Пресыщенный роскошью граф рад был доставить удовольствие мальчикам: он выбрал самую красивую белую розу и сорвал ее для профессора, а бандиту преподнес пурпурно-красную.
Потом они снова вышли в сад, обошли клумбу с туями и золочеными стрелками солнечных часов и оказались перед большим белым дворцом с нарядными воротами и горделивыми медными фонариками на крыше, отчетливо выделявшимися на фоне синего неба.
— Дворец Толлерё ожидает почетных гостей, — пробормотал граф и указал, отвесив поклон, на большую лестницу:
— Входите, господин профессор, прошу!
Они прошли вестибюль с белыми крестовыми сводами и пестрыми гербовыми щитами, прохладную зеленую бильярдную, зал предков, где стены были увешаны старыми портретами, анфиладу малых залов со старинными хрустальными люстрами и креслами, обитыми шелком.

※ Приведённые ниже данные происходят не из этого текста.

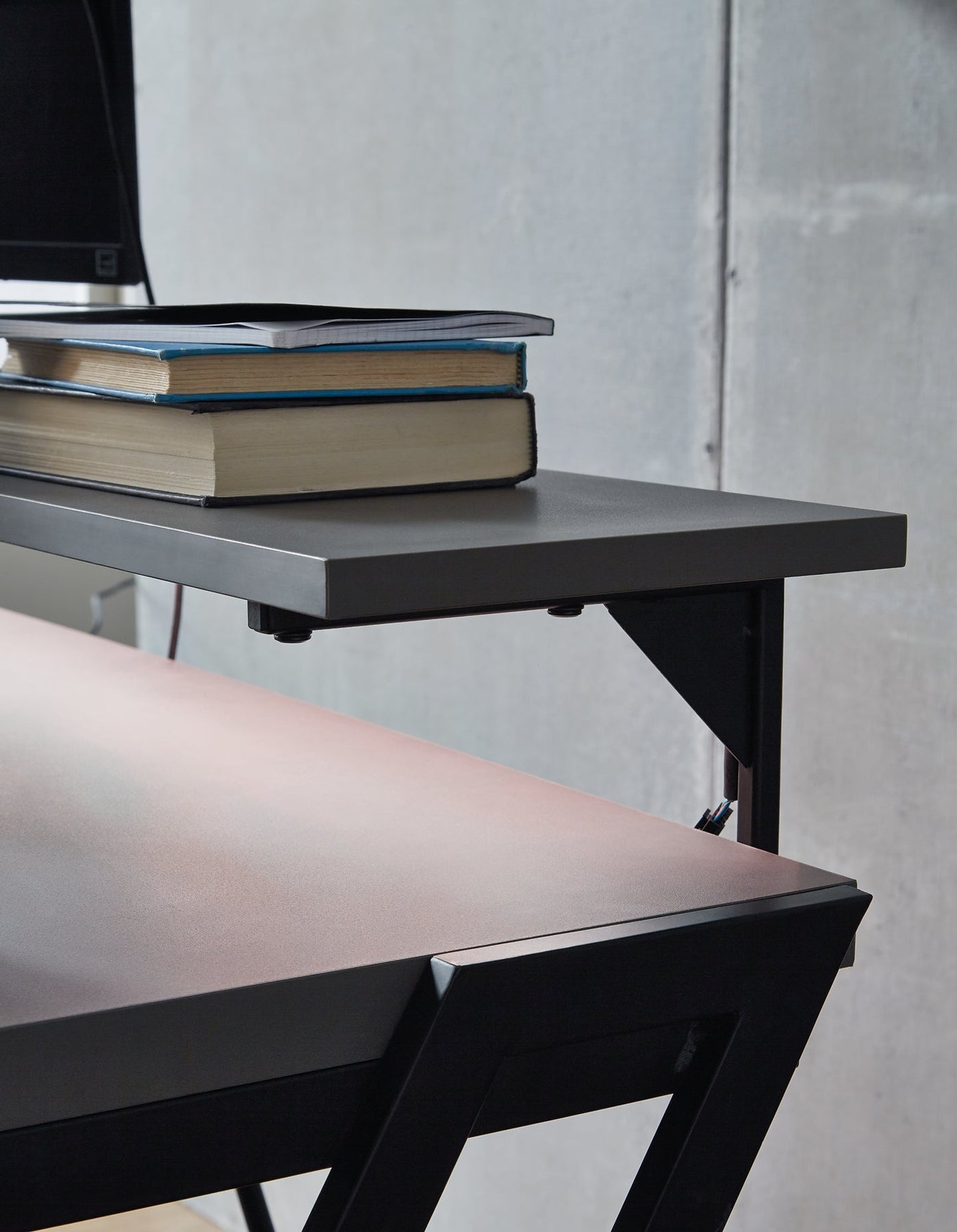 Details | Made of metal and engineered wood, Solid gray melamine surface with trackable inset PVC panels, Metal frame with black powder coated finish, Integrated cup holder, Custom headset hanger, Raised monitor stand with LED light strip and remote control, AC outlets with dual USB charging ports, Power cord included; UL Listed, Assembly required | |

Мальчикам казалось, что это наваждение. Георг шел на цыпочках. словно боялся, что звуки его шагов разрушат колдовские чары. Фабиан, с трудом веря, что это реальность, совсем присмирел, а Эрик, забыв обо всем на свете, целиком погрузился в этот сказочный мир. Граф шел впереди и, таинственно улыбаясь, любезно со всеми подробностями рассказывал дворцовые анекдоты. У одной из дверей он остановился и распахнул ее настежь. Мальчики увидели комнату, вид которой поражал запущенностью и неухоженностью. Все было серо от пыли и опутано паутиной.
— Комната Карла XI. Он останавливался здесь во время медвежьей охоты на меларенских островах. Пришла в запустение после редукции[36] — позорное пятно на нашей истории.

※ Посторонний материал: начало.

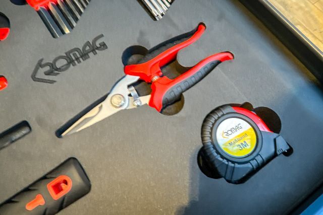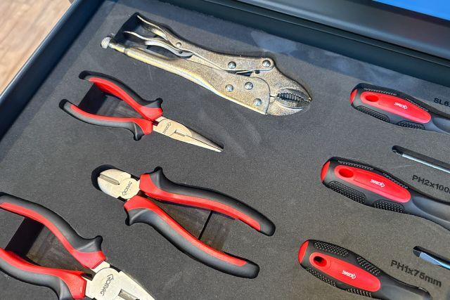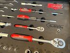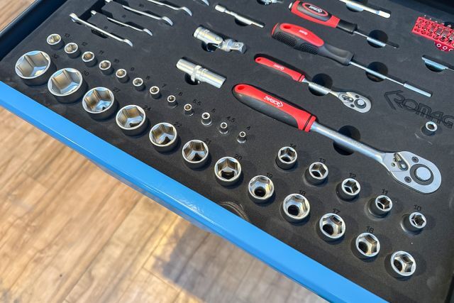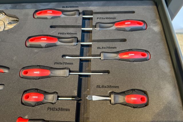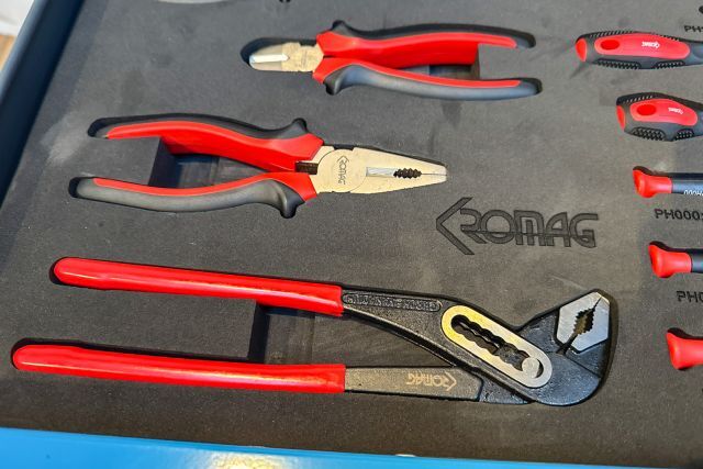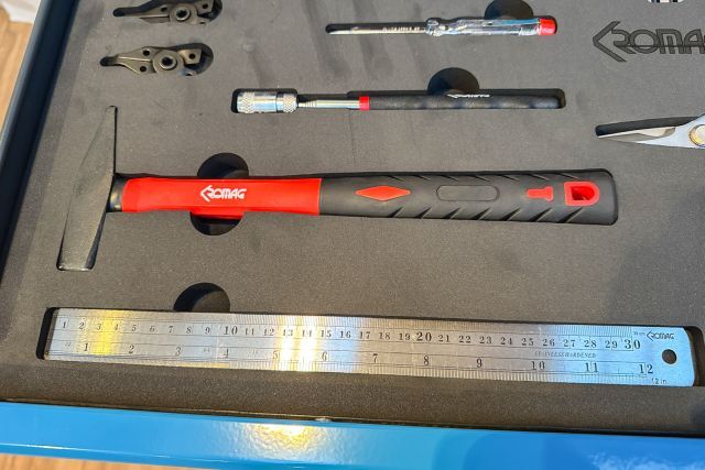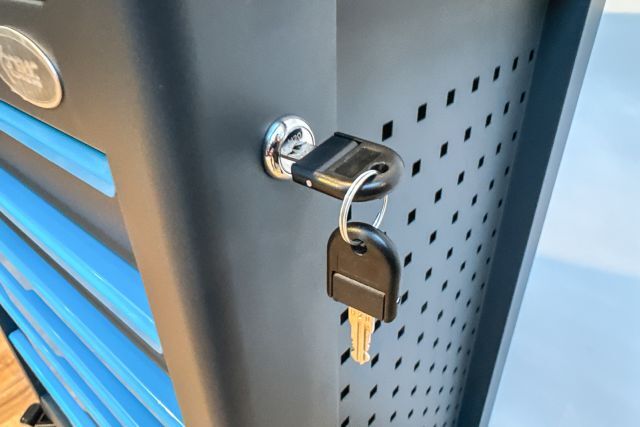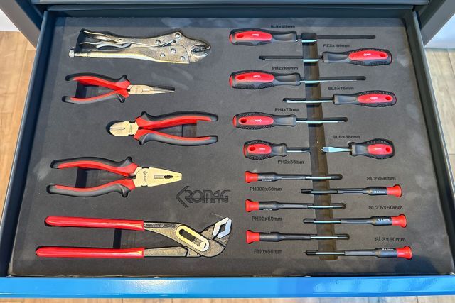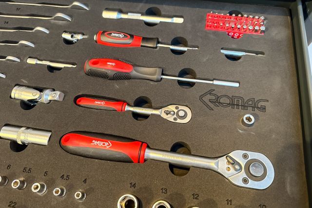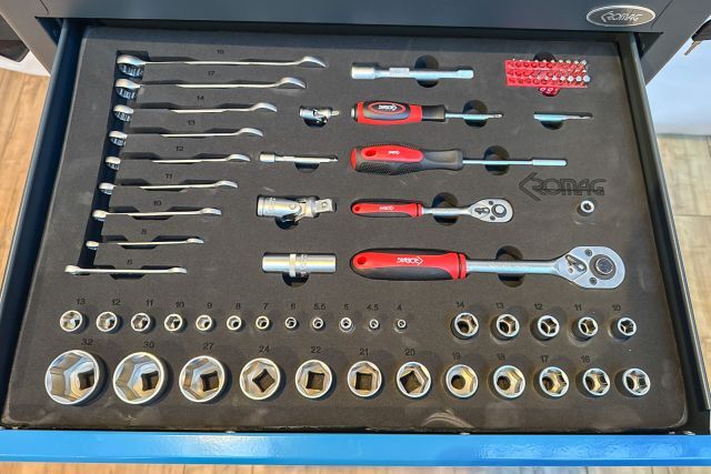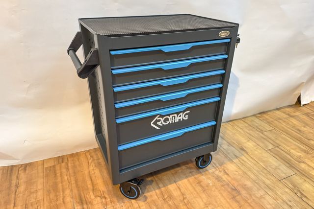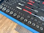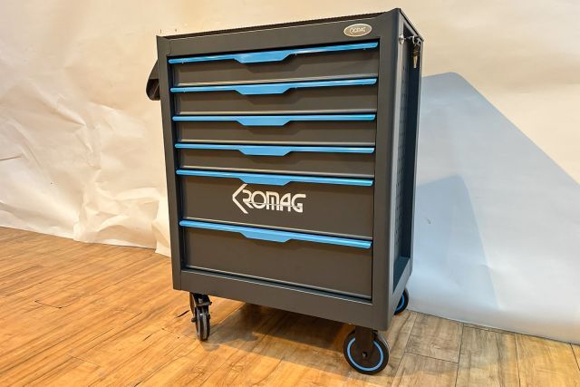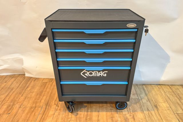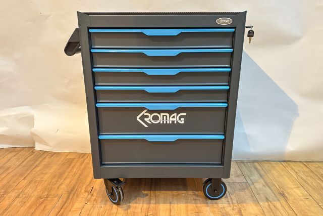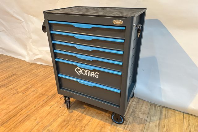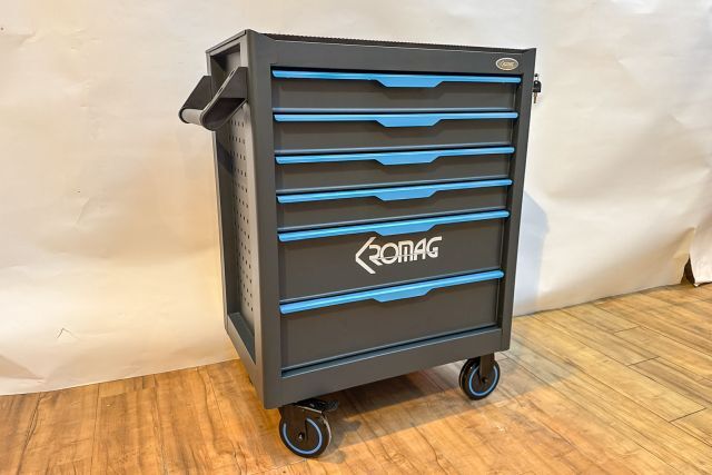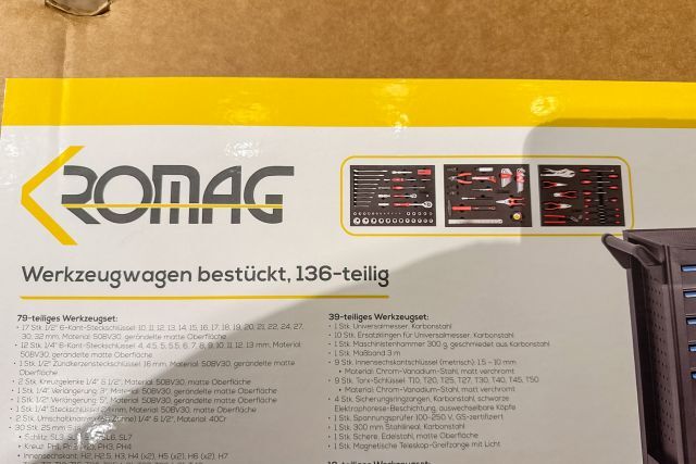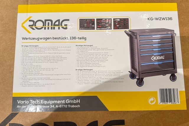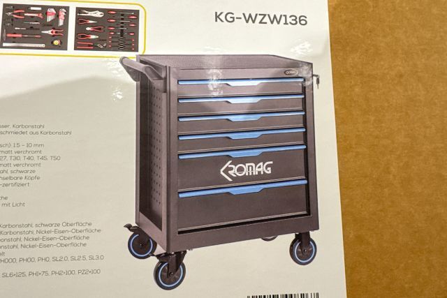 Werkzeugwagen Kromag KG-WZW136, befüllt, inklusive Werkzeug (136 Teile), 78/46/92 cm, 6 Schubladen, 46 kg, seitliche Lochwand, versperrbar, 4 Schwerlastrollen - 2 Rollen mit Sperrfunktion, originalverpackt,

Потом они прошли в маленький нарядный кабинет с креслами, обитыми розовым в цветочек шелком, и граф указал на женский портрет:
— Моя прабабка, прекрасная женщина, выдающаяся личность, жила в Париже. Имела поклонников в восьмидесятилетнем возрасте, совсем как Ниной де Ланкло. Жила бы и теперь, если б не помешала проклятая гильотина.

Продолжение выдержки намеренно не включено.